Explanations about limitations of conventional bioburden testing

While most pharmaceutical manufacturers have adopted new, Automated methods in their manufacturing processes, many are slow to embrace cutting-edge practices and equipment for microbial excellent control. In regards to microbiological testing, the century-old manual technique remains the standard, and many firms are spending countless hours of highly skilled labour on repetitive tasks. Luckily, rapid microbiological methods are fast gaining popularity among producers and regulators alike. Regulations have changed to make the migration to RMM simpler than previously. These changes, and the additional benefits of labor savings, reduced OOS investigations make it advantageous to move away from the standard method. Here are just five of frequent and impactful limitations of this manual technique.

Time Required

The conventional method requires time for germs to grow and Multiply to be seen by the human eye. After the colonies are visible, ever plate has to be counted and recorded. Highly valuable trained microbiologist time is wasted assessing countless dishes many of which may not have any contamination. Together with the Growing Directs System reduces the total evaluation time by roughly 50%. Since the machine reads the plates daily, it may detect contamination beginning in hours. Moreover, the system automatically manages the countless dishes reading, recording and reporting results automatically, saving precious microbiologist time. Testing Accuracy is crucial in the insecure, highly regulated pharmaceutical industry, and guide colony counting allows for a wonderful amount of human error. Colonies must grow to millions of cells before they can be detected by the naked eye, as well as the most well-trained and expert technicians can miscount.

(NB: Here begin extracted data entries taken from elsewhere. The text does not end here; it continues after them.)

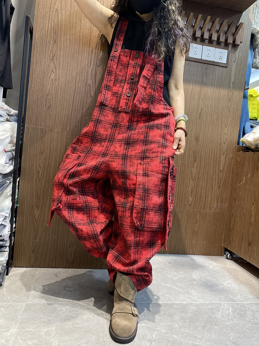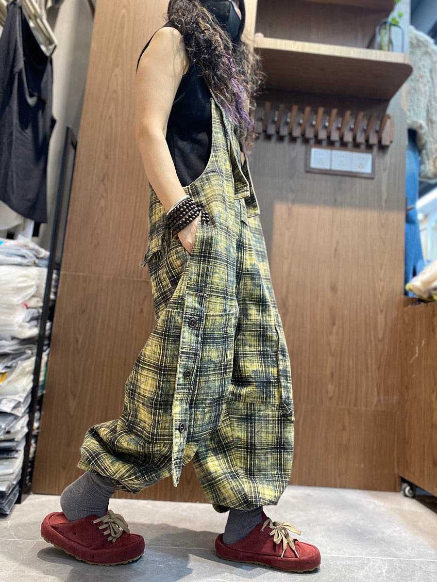 סרבלים משוחררים בסגנון וינטג' משובץ לנשים באביב
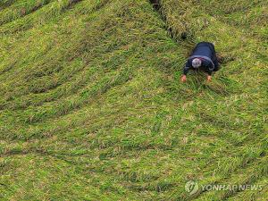 가을장마가 계속되고 있는 16일 경북 상주시 한 논의 벼가 비바람에 누워 있는 가운데 농민이 싹 틔운 벼 이삭(수발아)을 살펴보고 있다. 연합뉴스
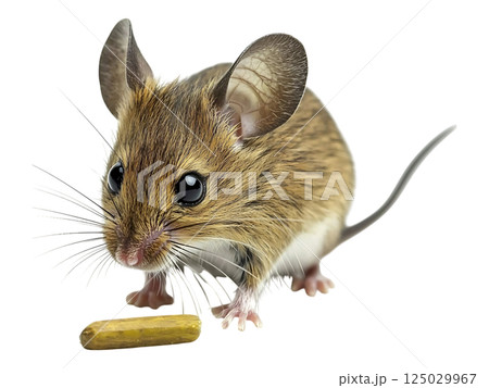 Adorable house mouse with large eyes, poised near a seed. Perfect for illustrating themes of nature, wildlife, small animals, or even food.

When dealing with stringent specifications for acceptable levels of bioburden testing, this degree of inaccuracy can easily result in both unnecessary OOS investigations and undetected contamination. Some tests need serial incubation, where samples are Transferred from 1 incubator to another at a different temperature at a particular time. RMM technologies like The Development Directs System automate this procedure. The manual method requires additional human intervention, while whenever a tech transfers a sample, there is potential for an error, which might cause an out-of-specification event. Even When technicians perform their guide counts perfectly, there is a chance for error when they record the counts on paper or in their LIMS. Whether they have exhibited growth or not, each sample has to be accounted for, and technicians may make mistakes when dealing with hundreds of samples.